- Exercise materials -
■ ■ ■ ■

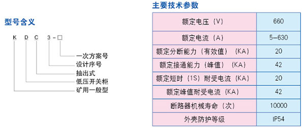 KDC3礦用一般型抽出式低壓開關(guān)柜適用于煤礦井下無瓦斯、煤塵爆炸危險場所或其它類似的工業(yè)生產(chǎn)部門,對額定電壓至660V、額定頻率作為50Hz的三相交流低壓配電系統(tǒng)中作為動力、配電、照明、電機及其它電氣設備的起動、控制和保護的開關(guān)設備及電源變換設備。
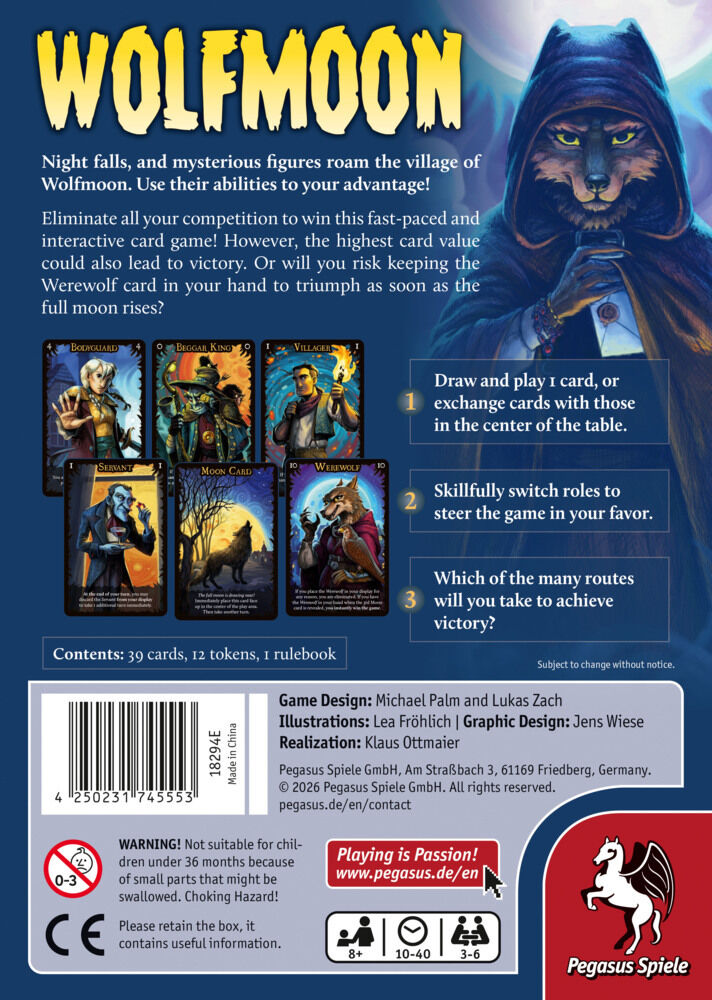 In the interactive card game Wolfmoon, a powerful werewolf lurks among a cast of characterssome honest, some shady. As the night progresses and the full moon rises in the night sky, intrigues are hatched, deals are struck, and bluffs are exposed. Who will mana...
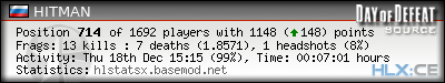 | Rank | Map | Kills | % | Ratio | Deaths | % | Ratio | K:D | Headshots | % | Ratio | HS:K |
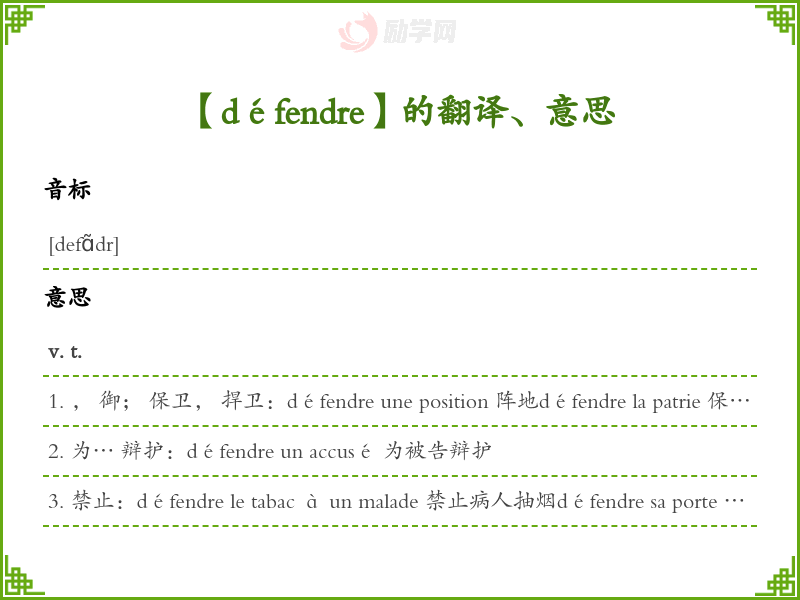 【défendre】是什么意思、字义解释
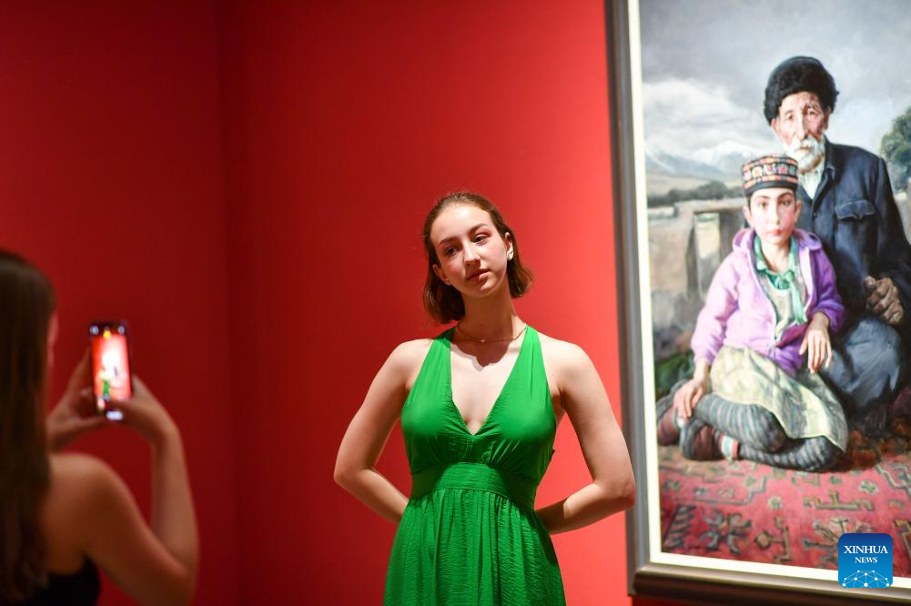 Sofia poses for photos in front of a painting at the Xinjiang Art Museum in Urumqi, capital of northwest China's Xinjiang Uygur Autonomous Region, on July 20, 2023. (Xinhua/Hu Huhu)
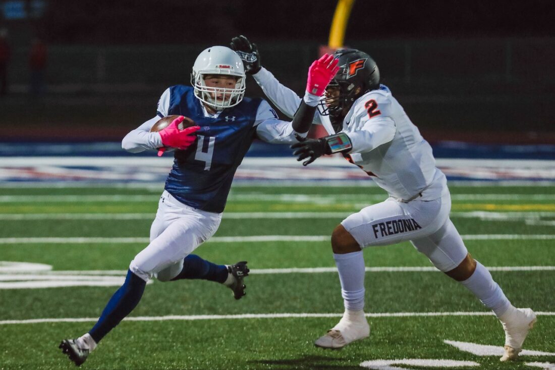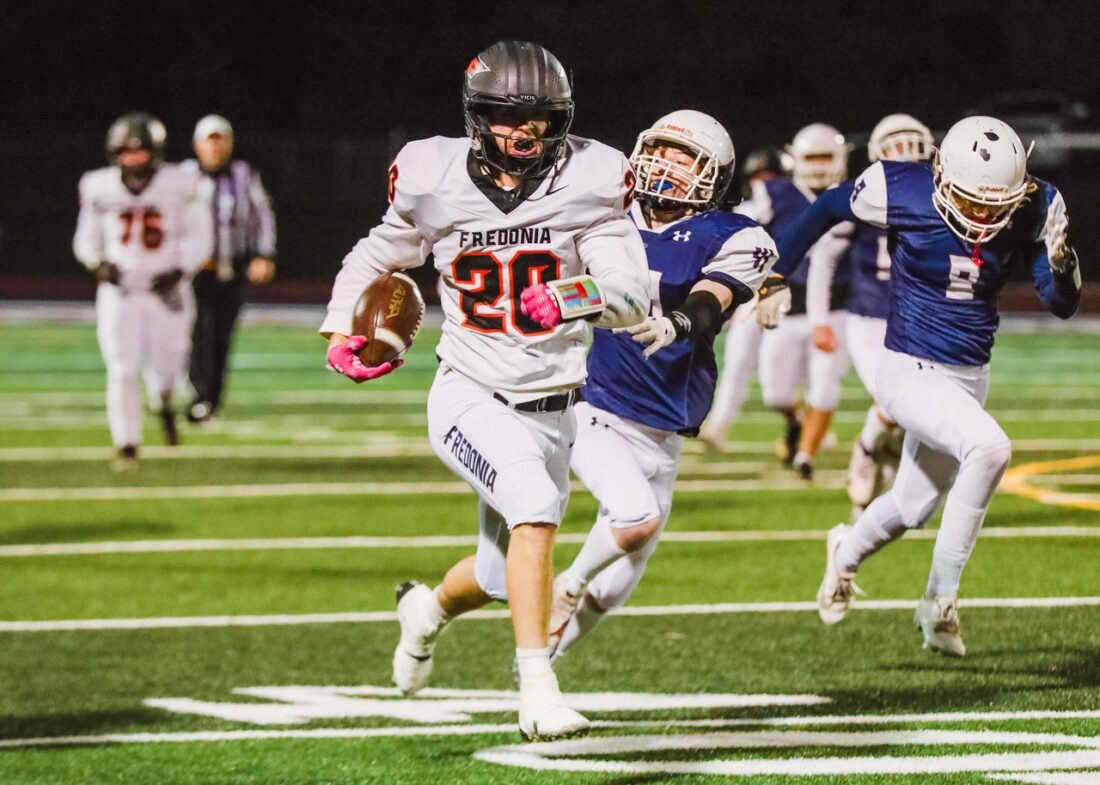 - Fredonia’s Sam Atzrott (20) finds plenty of running room during Thursday’s Section VI Class C Chuck Funke Bowl final against Chautauqua Lake/Westfield/Brocton at Chautauqua Lake Central School. P-J photo by Ashleigh Brown
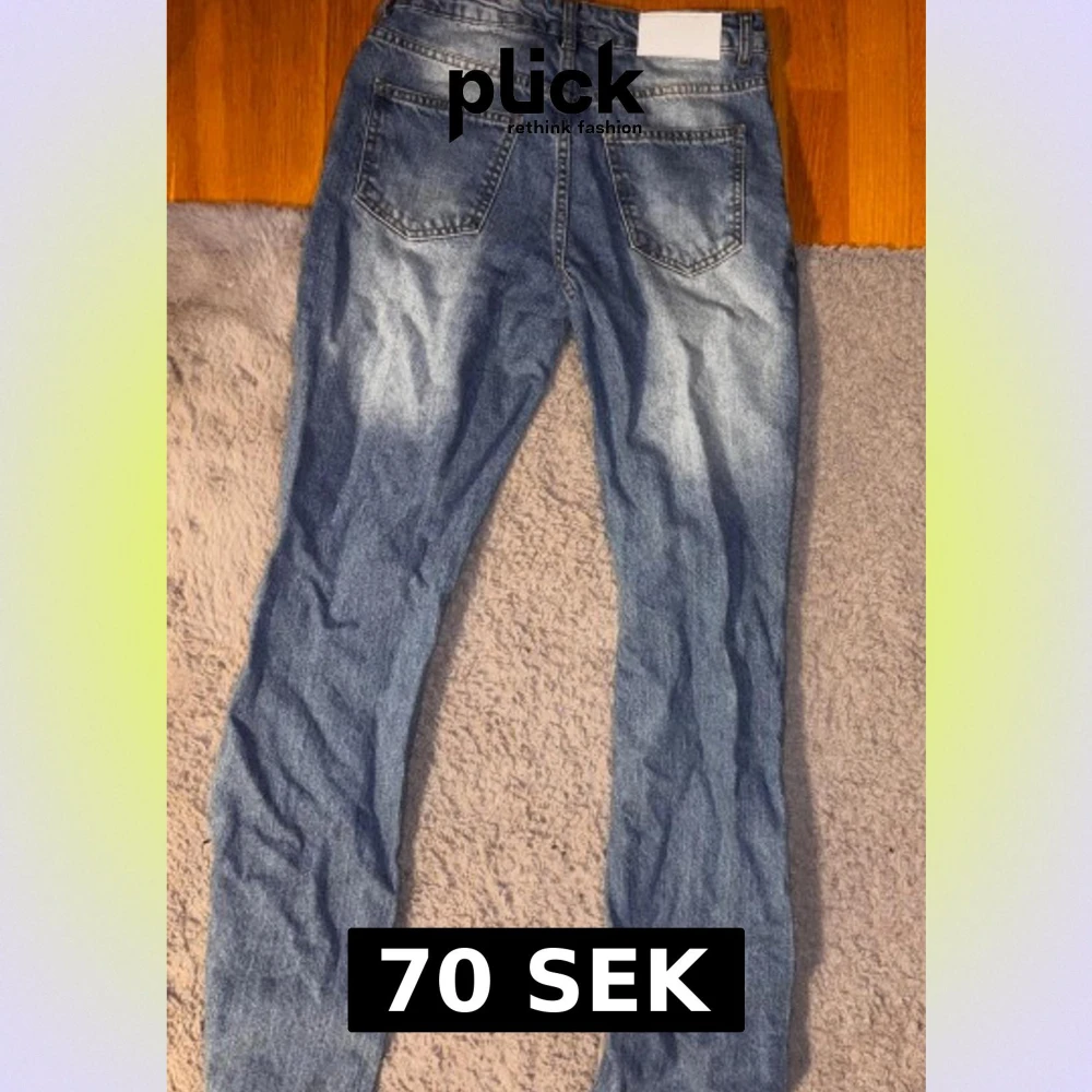 Snygga blå jeans från BoohooMAN i storlek 28. Modellen har klassisk femficksdesign, ljus tvätt med slitningar och raka ben. Jeansen har normal passform och är tillverkade i bomullsmaterial för skön känsla. Perfekt för dig som gillar en avslappnad stil. Helt oanvända.

■ ■ ■ ■

- Task objective -
The needed output is the lines from the one with "- Fredonia’s Sam" through the end of the listing, written out exactly, both ends included, pictures excluded.

- Exercise answer -
 - Fredonia’s Sam Atzrott (20) finds plenty of running room during Thursday’s Section VI Class C Chuck Funke Bowl final against Chautauqua Lake/Westfield/Brocton at Chautauqua Lake Central School. P-J photo by Ashleigh Brown
 Snygga blå jeans från BoohooMAN i storlek 28. Modellen har klassisk femficksdesign, ljus tvätt med slitningar och raka ben. Jeansen har normal passform och är tillverkade i bomullsmaterial för skön känsla. Perfekt för dig som gillar en avslappnad stil. Helt oanvända.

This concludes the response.